2. “Ten tweede is de term ‘volksraadpleging’ misleidend, want een groot deel van het volk wordt in de praktijk niet geraadpleegd. Voorlopig haalde geen enkele volksraadpleging een opkomst van 50 procent of meer van de stemgerechtigden. Verschillende volksraadplegingen haalden zelfs de minimumdrempel van 20 procent niet. De burgers die wel opdagen, zijn vooral degenen met een erg uitgesproken mening. Met andere woorden: het resultaat van een volksraadpleging is geen goede barometer hoe de bevolking denkt over een fusie.”

Klinkt best overtuigend, en dat is het ook binnen onze huidige ‘wettelijke’ situatie. Volksraadplegingen zijn niet bindend en daardoor simpelweg niet ernstig: een overheid laat de burgers de aanzienlijke moeite doen om, afhankelijk van het aantal inwoners van de gemeente, tussen de 20% en 10% handtekeningen onder de aanvraagformulieren te verzamelen, maar de uitslag van de stemming blijft niettemin in de handen van die overheid. Die verlangt bovendien nog eens een opkomstdrempel van 20%. Dienen we ons niet te verwonderen dat er desondanks nog zo hoge opkomsten zijn? De volksraadpleging is inderdaad een onvolkomen instrument, maar is voor Meer Democratie ondanks alles een opstapje naar the real thing, het bindend referendum op basis van volksinitiatief. Met andere woorden: beter dan helemaal niets.
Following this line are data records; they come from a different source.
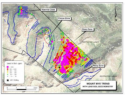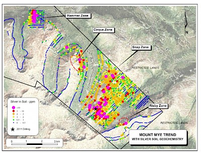 The Snap and Hammer Zones are two of several silver-bearing showings and geochemical anomalies identified within a 14 km long trend known as the “Mount Mye Belt.” Additional zones within this trend include the Cirque and Risby Zones. A well-mineralized rock sample collected in 2011 from the Risby Zone, located 700 m to the southeast of the Snap Zone, assayed 767.0 g/t silver and 8.82 g/t gold. Eighteen historical rock samples from this area averaged 426.9 g/t silver and 3.31 g/t gold. Historical trench samples returned 786.0 g/t silver and 6.5 g/t gold over 1 m as well as and 384.7 g/t silver and 2.12 g/t gold across 4 m. Twenty mineralized rock samples collected in 2011 from the Cirque Zone, located 3 km to the west of the Snap Zone, assayed from 9.04 to 2,460 g/t silver and 0.051 to 1.12 g/t gold, averaging 408.9 g/t silver and 0.22 g/t gold. The longest chip sample assayed 327.0 g/t silver, 0.089 g/t gold and 3.53% lead over 3.6 m. The high-grade mineralization at the Risby and Cirque Zones may be genetically related to the epithermal style mineralization recently discovered at the Hammer Zone.
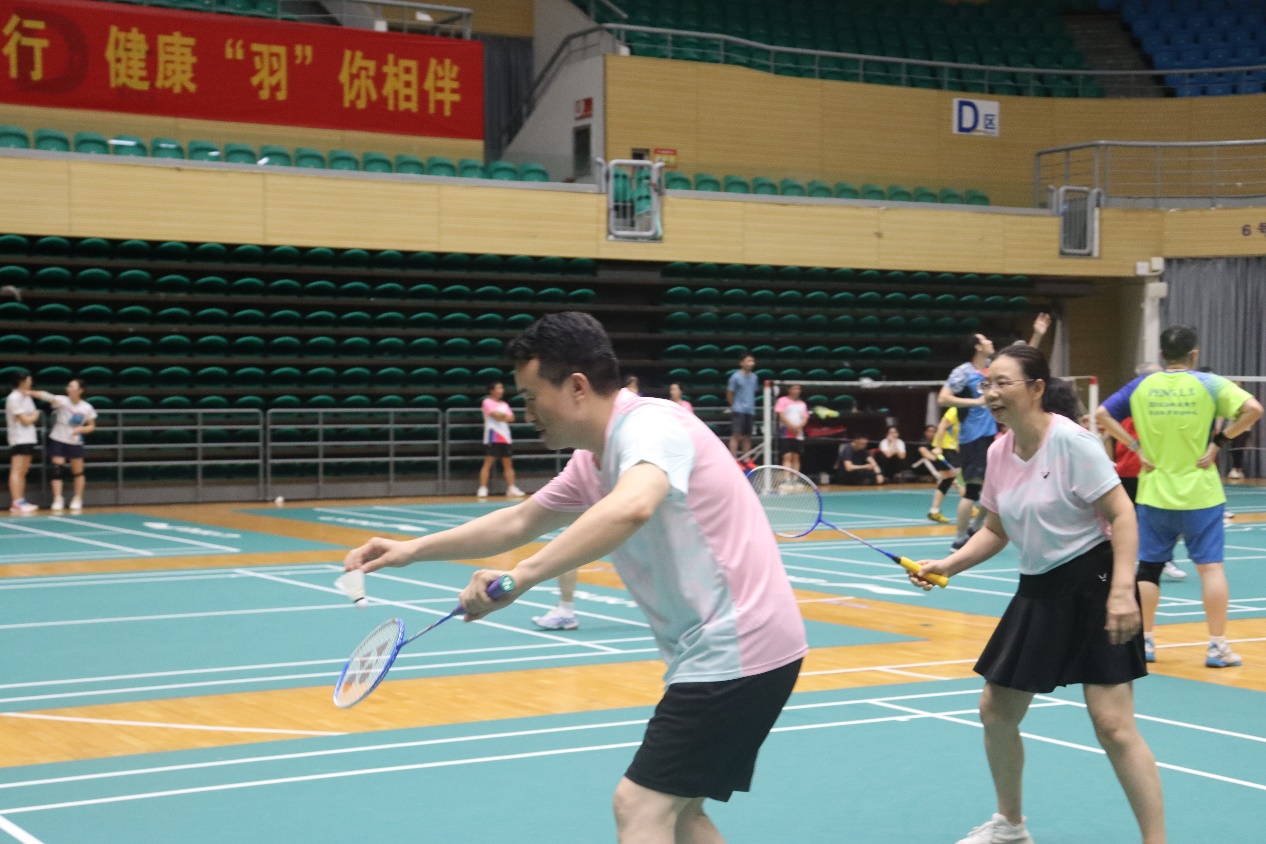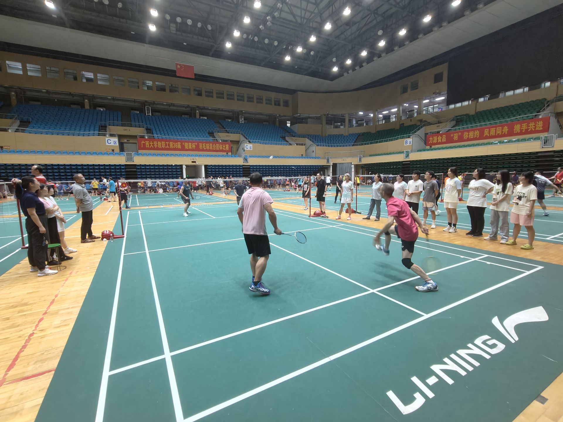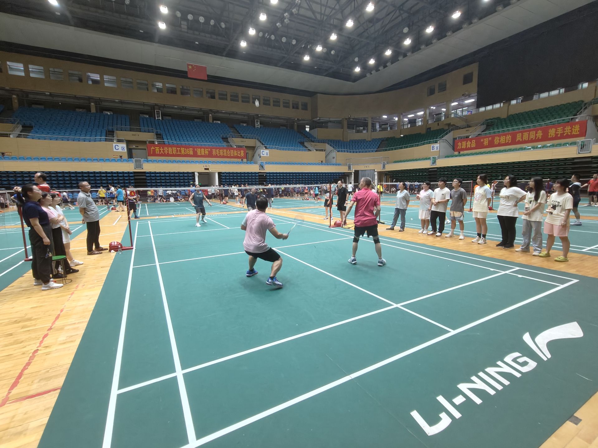 比赛以混合团体赛形式进行,设男双、女双和混双等项目,尽管老师们在年龄、身高等方面存在差异,但丝毫不影响赛场上的出色发挥。女双的联袂出击,男双的鱼跃扑救,混双的珠联璧合,队友们无声的默契,巧妙的配合,给在场观众带来一场场视觉盛宴,场外的学生啦啦队加油叫好此起彼伏。最终学院教职工羽毛球队以小组第一的成绩成功晋级第二阶段的比赛。
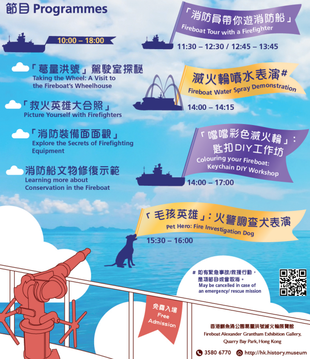 同樂日將於當日上午10時至下午6時舉行,焦點活動為下午2時的滅火輪噴水表演。市民亦可以走進葛量洪號滅火輪的駕駛室探秘,與消防員在船上合照留念和即場參加「消防員帶你遊消防船」活動,由駐船退休消防員當導賞員,分享昔日船上的點滴。其他精彩活動還有火警調查犬表演及特色滅火輪匙扣工作坊。
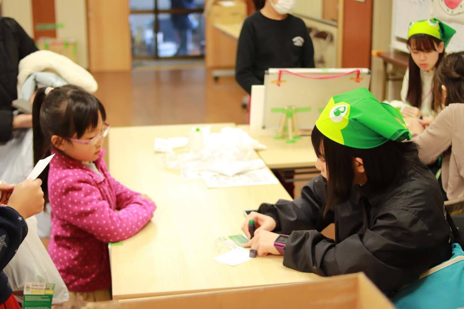 (かえっこカードにポイント数分のカエルスタンプを押してもらう)
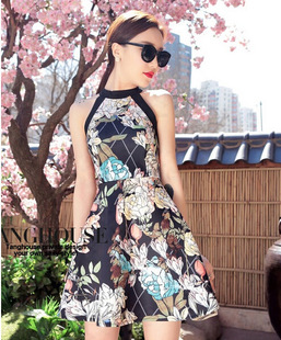2015掛脖露肩印花高腰修身顯瘦背心連衣裙 誠(chéng)招代理 一件代發(fā) /
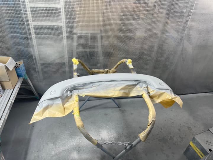 ▼ 同じようにスポイラーもクリア剥がれの塗膜を剥がして、足付けと脂分・ワックス分を専用の溶剤で落とす脱脂を行いサフェーサを塗布します。
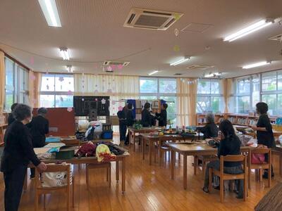 富小でも、本の楽しさを感じてもらおうと、いつも読み聞かせでお世話になっているたんぽぽホールの皆様をお迎えしてお話会が2時間目に行われました。始まる前は、図書室で道具の確認や練習をされていました。

De fouten in de manier waarop Eersels de zaken voorstelt liggen, zo kunnen we zeggen, juist in de pseudodemocratische uitgangspunten die hij eigenlijk nog steeds aanhangt. Een zin zoals “Als de Vlaamse regering tijdens de volgende legislatuur nog meer wil inzetten op gemeentelijke fusies, is het essentieel dat ze gemeenten helpt om kwalitatieve participatietrajecten te organiseren” houdt, ondanks zijn voorwaarde van kwalitatieve participatietrajecten, uiteindelijk nog het voetstoots aanvaarden in van het vigerende top-down concept. Democratisch beschouwd moet een regering niet “inzetten op fusies”, hoogstens aanbevelen, of faciliteren als het voorstel van de gemeenten zelf uit zou komen. Hij maakt ook de wijdverbreide denkfout  dat een lage opkomst bij een volksraadpleging aantoont dat ze geen goede barometer is voor de mening van de bevolking over de fusie (begrijpelijk vooroordeel in België, bakermat van de ‘stemplicht’).
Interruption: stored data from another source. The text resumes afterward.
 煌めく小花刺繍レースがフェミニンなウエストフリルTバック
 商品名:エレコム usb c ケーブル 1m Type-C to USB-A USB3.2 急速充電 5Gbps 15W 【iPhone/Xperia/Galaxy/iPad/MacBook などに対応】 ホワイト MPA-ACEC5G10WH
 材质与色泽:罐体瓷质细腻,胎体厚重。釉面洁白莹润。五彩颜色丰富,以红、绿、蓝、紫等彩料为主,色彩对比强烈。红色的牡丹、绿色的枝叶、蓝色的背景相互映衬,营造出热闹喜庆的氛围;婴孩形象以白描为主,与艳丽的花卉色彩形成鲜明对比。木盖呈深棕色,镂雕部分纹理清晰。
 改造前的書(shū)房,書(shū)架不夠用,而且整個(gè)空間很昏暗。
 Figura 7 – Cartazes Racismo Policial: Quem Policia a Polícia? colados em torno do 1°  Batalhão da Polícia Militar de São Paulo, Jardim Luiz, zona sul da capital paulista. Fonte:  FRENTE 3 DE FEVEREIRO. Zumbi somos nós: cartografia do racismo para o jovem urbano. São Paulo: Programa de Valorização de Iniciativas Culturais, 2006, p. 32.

Nogmaals: alvorens het fenomeen volksraadpleging (en het referendum in één moeite, want het verschil kent omzeggens niemand) te verwerpen ten gunste van gelote burgerraden, zou eerst duidelijk gemaakt moeten worden wat een volksraadpleging inhoudt in haar werkzame vorm, het referendum. Dan kan men leren dat een referendum slechts zoveel opkomst nodig heeft als er geïnteresseerden zijn in het af te stemmen onderwerp (ja, “degenen met een erg uitgesproken mening”). Waarom? Omdat in een werkelijk democratische cultuur (die, zoals gezegd, een noodzakelijke voorwaarde is) de burger die de problematiek rond het thema niet begrijpt of wie het niet aanbelangt (bijvoorbeeld: geen voorkeur voor fusioneren of niet) een mandaat geeft aan de burgers die wél gaan stemmen om voor hem/haar te beslissen. Zie bijv. Hoe gaat democratie praktisch in zijn werk?
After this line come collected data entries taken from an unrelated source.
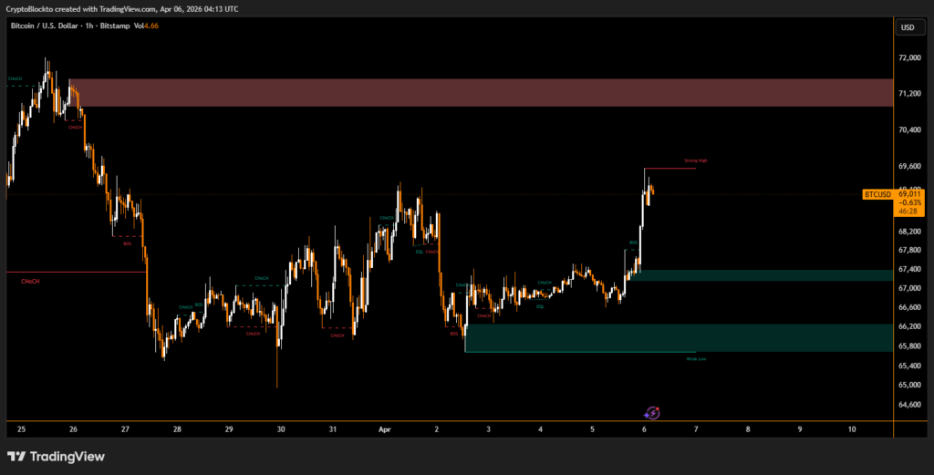 Bitcoin briefly climbed to $69,500 , reflecting improved sentiment following remarks by Donald Trump. Trump warned that Iran would face severe consequences if the Strait of Hormuz remained closed but also stated that negotiations were underway with a “good chance” of reaching a deal within 24 hours.
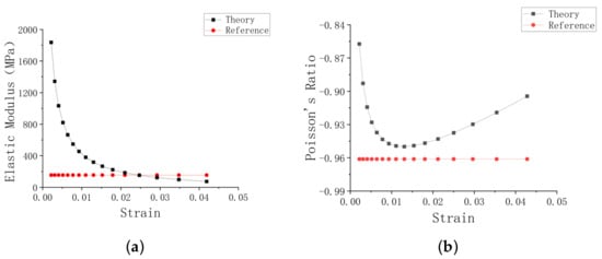 Comparison of this paper and literature. (a) Young’s modulus, (b) Poisson’s ratio.
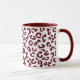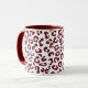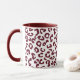 Uma caneca de café em uma digital, minimalista, impressa em um padrão de chita - pontos em marrom / burgundy, sobre fundo branco
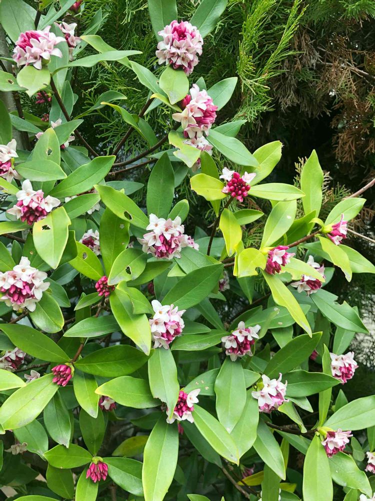 いい匂い〜😊庭の沈丁花の花が咲きました。
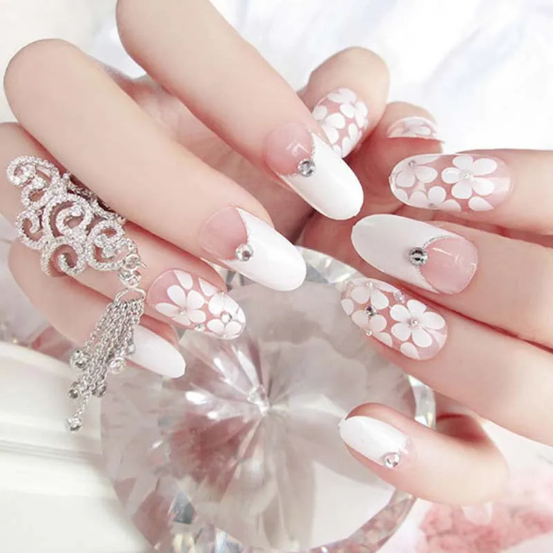 24 шт длинный мнимый гвозди с клеем свадебные ногти советы обнаженные искусственные конгле белые цветы дизайны для Ногтей Полное покрытие П...

Waar gaat het in een democratie om? Dat burgers zich verantwoordelijk voelen voor hun maatschappij en het gevoel hebben dat zij er allen toe doen – en niet alleen een handvol mensen. Bedenk dat in Zwitserland, helaas het enige gevorderde land ter wereld op democratisch gebied, meer dan 95% van de inwoners tijdens hun leven ten minste eenmaal meegestemd heeft aan een referendum.

David Van Reybrouck heeft sinds enkele jaren gelukkig ook het interessante concept ‘preferendum’ gelanceerd: verschillende scenario’s worden door een burgerpanel voorbereid en voorgelegd aan de bevolking, die niet met ‘ja’ of ‘nee’ dient te stemmen, maar, zoals in enquêtes, met nuances van ‘helemaal eens’ tot ‘helemaal oneens’. Of het preferendum in de praktijk beter werkt dan het referendum zal voorlopig nog moeten blijken.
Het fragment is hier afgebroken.